Eating up The Praise
East Austin hot spot deemed one of America's best 'anti-restaurants'
One of what GQ magazine dubs “the best anti-restaurants in America” is right here in Austin.
In its September issue, GQ hails Dai Due, which opened in 2014 on Manor Road, as a “multi-purpose mash-up,” putting it into the anti-restaurant category. What’s an anti-restaurant, you ask?
“There’s a new day to dine out in America, and it has nothing to do with fancy restaurants. It almost has nothing to do with restaurants. It’s all about great food in … odd, incongruous, or just plain cool settings,” GQ says.
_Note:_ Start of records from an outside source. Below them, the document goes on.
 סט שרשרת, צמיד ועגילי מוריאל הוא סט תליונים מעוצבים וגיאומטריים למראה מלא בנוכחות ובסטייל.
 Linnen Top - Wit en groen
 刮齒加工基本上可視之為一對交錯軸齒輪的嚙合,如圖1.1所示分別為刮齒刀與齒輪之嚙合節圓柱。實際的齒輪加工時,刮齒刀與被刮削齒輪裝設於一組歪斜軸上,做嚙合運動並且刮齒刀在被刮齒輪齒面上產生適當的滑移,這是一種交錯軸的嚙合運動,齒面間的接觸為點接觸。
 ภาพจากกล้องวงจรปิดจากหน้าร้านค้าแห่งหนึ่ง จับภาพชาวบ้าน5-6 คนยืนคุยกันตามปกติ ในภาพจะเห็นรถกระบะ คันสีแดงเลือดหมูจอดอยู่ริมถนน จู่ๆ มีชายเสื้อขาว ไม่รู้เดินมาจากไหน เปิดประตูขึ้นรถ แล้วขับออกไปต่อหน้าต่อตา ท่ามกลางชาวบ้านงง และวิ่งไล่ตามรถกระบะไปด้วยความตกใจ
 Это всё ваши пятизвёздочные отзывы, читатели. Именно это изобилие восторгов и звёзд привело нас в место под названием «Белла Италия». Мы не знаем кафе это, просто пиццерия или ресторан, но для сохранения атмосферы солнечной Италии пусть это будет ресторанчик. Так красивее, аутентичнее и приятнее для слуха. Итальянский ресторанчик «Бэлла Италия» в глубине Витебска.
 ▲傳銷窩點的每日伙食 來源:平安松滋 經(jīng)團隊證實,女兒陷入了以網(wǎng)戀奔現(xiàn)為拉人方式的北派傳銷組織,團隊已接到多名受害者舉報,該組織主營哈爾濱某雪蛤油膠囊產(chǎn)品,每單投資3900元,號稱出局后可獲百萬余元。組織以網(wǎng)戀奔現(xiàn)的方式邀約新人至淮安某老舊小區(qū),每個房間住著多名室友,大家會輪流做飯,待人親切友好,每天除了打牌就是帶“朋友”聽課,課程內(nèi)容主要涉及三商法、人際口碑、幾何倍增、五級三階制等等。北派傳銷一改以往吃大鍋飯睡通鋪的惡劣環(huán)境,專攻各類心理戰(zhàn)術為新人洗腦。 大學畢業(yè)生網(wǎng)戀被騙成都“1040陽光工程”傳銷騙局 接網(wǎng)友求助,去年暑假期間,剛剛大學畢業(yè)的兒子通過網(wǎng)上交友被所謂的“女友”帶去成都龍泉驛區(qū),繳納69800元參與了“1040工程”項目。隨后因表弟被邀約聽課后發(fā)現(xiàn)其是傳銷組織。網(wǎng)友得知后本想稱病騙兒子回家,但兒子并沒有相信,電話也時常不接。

GQ proclaims Dai Due as one of those plain cool settings. “One half of Dai Due is a butcher shop that chops up just about everything you could imagine — from wild boor to quail. And the other half is a restaurant that Texas food critics are calling the best in Austin — which is saying a lot these days,” GQ says.
The magazine praises Dai Due’s proprietors, husband-and-wife team Jesse Griffiths and Tamara Mayfield, for sourcing most of their ingredients from Texas, and for serving up a virtual banquet of menu options.
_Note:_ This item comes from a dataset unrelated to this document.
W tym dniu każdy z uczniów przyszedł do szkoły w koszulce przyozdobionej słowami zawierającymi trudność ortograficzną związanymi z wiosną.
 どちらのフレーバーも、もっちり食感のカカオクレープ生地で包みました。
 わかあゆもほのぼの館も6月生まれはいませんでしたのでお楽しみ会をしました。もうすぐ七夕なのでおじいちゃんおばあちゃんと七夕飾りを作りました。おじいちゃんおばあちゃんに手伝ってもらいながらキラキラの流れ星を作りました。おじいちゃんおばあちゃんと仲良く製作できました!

“Pick from either à la carte dishes like beer-braised collard greens or venison hot dogs with kimchi, or a supper-club menu, with big, shareable family-style dishes of seafood on Friday and fried chicken on Sunday. So go on Sunday,” GQ says.
The magazine also urges readers to head to Dai Due on Tuesdays, when the Wagyu cheeseburger appears on the menu.
By the way, Dai Due isn’t the only Texas eatery on the GQ list. Rancho Pizzeria in Coleman, nearly an hour’s drive southeast of Abilene, and Gilhooley’s in San Leon, about an hour’s drive southeast of Houston, also got a nod from the magazine.
Other anti-restaurants that GQ applauded are in both on- and off-the-beaten-path places: Taylor, Mississippi; New Orleans; North Branch, New York; Biddeford and Freedom, Maine; Gloucester, Massachusetts; Washington, D.C.; St. Louis; Cordova, Alaska; Dunsmuir, California; Greenwood, Delaware; and Los Angeles.